**Records for this exercise**
---
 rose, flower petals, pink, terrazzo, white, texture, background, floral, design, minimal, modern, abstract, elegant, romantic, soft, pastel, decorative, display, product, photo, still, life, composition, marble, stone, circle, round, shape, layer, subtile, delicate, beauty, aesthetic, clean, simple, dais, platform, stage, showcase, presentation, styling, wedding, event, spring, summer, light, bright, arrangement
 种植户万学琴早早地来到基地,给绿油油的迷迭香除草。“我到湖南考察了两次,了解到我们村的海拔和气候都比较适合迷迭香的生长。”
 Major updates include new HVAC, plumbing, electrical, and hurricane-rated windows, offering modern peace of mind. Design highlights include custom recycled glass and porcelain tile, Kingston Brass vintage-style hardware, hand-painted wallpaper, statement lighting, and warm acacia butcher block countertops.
---
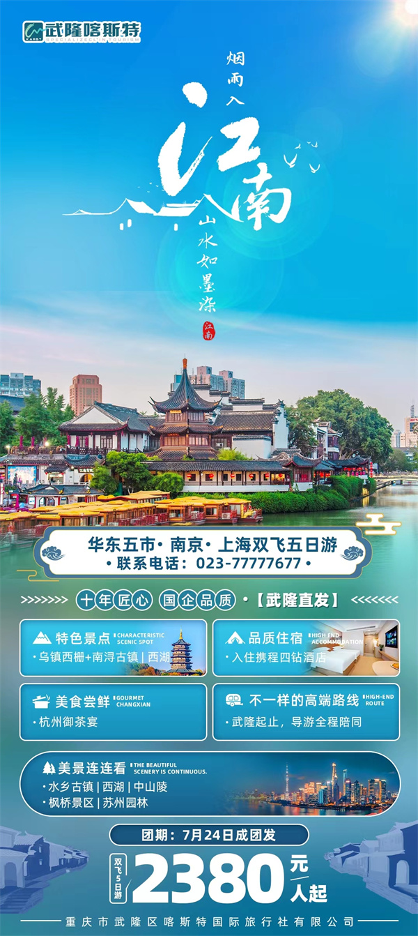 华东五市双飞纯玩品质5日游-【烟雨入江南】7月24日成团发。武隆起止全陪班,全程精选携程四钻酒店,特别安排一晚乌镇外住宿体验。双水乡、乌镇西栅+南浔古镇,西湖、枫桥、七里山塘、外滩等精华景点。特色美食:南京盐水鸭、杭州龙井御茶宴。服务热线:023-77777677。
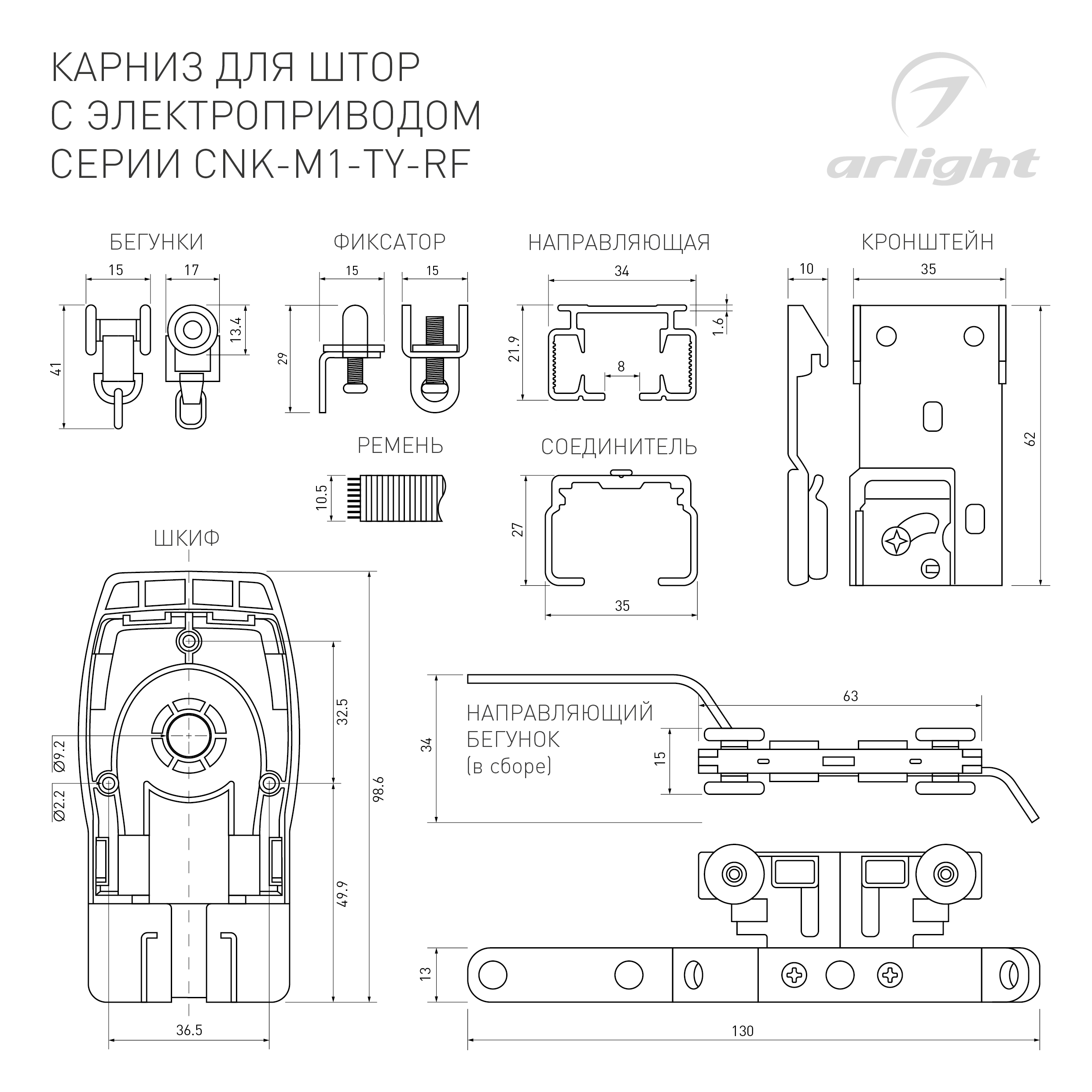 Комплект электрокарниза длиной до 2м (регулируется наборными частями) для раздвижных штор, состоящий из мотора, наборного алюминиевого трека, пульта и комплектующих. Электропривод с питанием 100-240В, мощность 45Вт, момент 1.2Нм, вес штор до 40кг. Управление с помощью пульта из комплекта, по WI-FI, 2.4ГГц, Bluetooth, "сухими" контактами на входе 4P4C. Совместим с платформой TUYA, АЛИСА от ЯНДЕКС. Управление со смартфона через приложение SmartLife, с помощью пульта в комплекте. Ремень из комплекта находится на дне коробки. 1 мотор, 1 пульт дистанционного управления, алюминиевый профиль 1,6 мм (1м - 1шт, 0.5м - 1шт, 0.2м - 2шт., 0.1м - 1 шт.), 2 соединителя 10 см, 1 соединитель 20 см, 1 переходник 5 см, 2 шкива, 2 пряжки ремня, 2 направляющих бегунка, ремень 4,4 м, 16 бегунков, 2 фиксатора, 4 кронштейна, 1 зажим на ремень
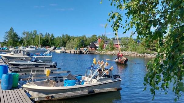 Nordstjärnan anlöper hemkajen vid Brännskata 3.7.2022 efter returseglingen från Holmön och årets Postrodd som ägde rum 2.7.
---
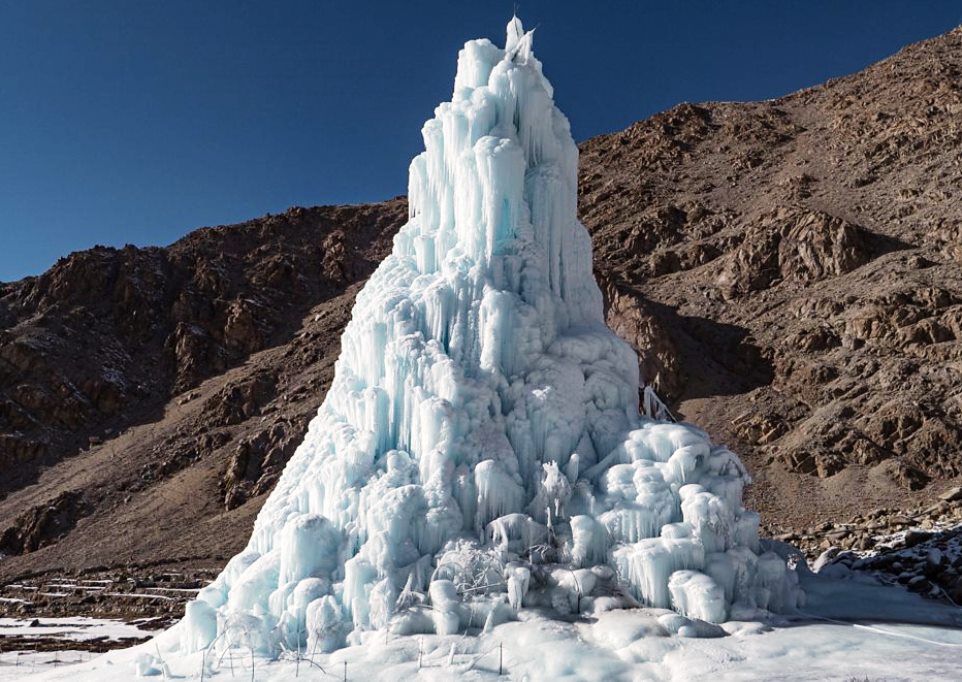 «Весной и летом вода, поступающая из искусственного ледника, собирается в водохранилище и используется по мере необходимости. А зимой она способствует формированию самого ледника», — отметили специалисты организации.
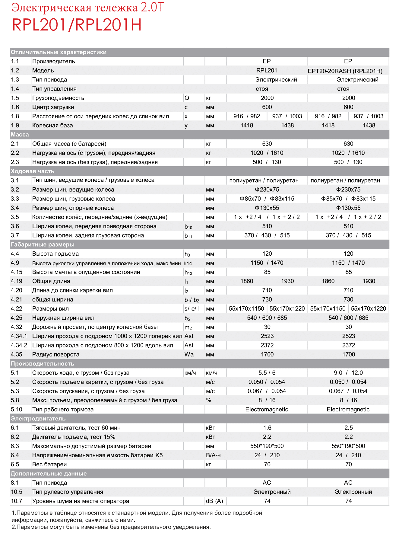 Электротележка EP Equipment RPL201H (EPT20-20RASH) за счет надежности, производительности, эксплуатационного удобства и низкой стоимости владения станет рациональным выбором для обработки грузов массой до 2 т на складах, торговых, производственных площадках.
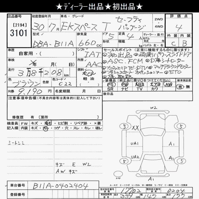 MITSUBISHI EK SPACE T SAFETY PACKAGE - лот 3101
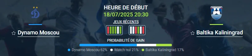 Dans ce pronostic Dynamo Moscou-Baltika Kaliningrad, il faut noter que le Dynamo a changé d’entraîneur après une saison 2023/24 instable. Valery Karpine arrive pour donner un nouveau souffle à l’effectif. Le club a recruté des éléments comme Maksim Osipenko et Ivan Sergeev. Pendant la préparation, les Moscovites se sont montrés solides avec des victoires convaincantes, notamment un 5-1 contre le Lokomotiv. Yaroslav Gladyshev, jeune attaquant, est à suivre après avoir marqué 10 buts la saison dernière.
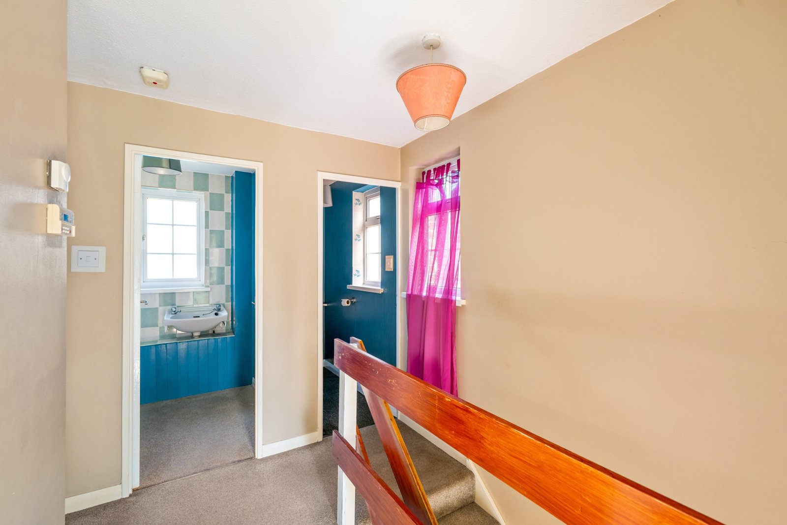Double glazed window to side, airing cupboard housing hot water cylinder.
---
**Your task**
Only the lines above from the line containing "light, bright, arrangement" through the line containing "Major updates include" should be retyped, exactly and with both ends included.

**Result for this exercise**
 rose, flower petals, pink, terrazzo, white, texture, background, floral, design, minimal, modern, abstract, elegant, romantic, soft, pastel, decorative, display, product, photo, still, life, composition, marble, stone, circle, round, shape, layer, subtile, delicate, beauty, aesthetic, clean, simple, dais, platform, stage, showcase, presentation, styling, wedding, event, spring, summer, light, bright, arrangement
 种植户万学琴早早地来到基地,给绿油油的迷迭香除草。“我到湖南考察了两次,了解到我们村的海拔和气候都比较适合迷迭香的生长。”
 Major updates include new HVAC, plumbing, electrical, and hurricane-rated windows, offering modern peace of mind. Design highlights include custom recycled glass and porcelain tile, Kingston Brass vintage-style hardware, hand-painted wallpaper, statement lighting, and warm acacia butcher block countertops.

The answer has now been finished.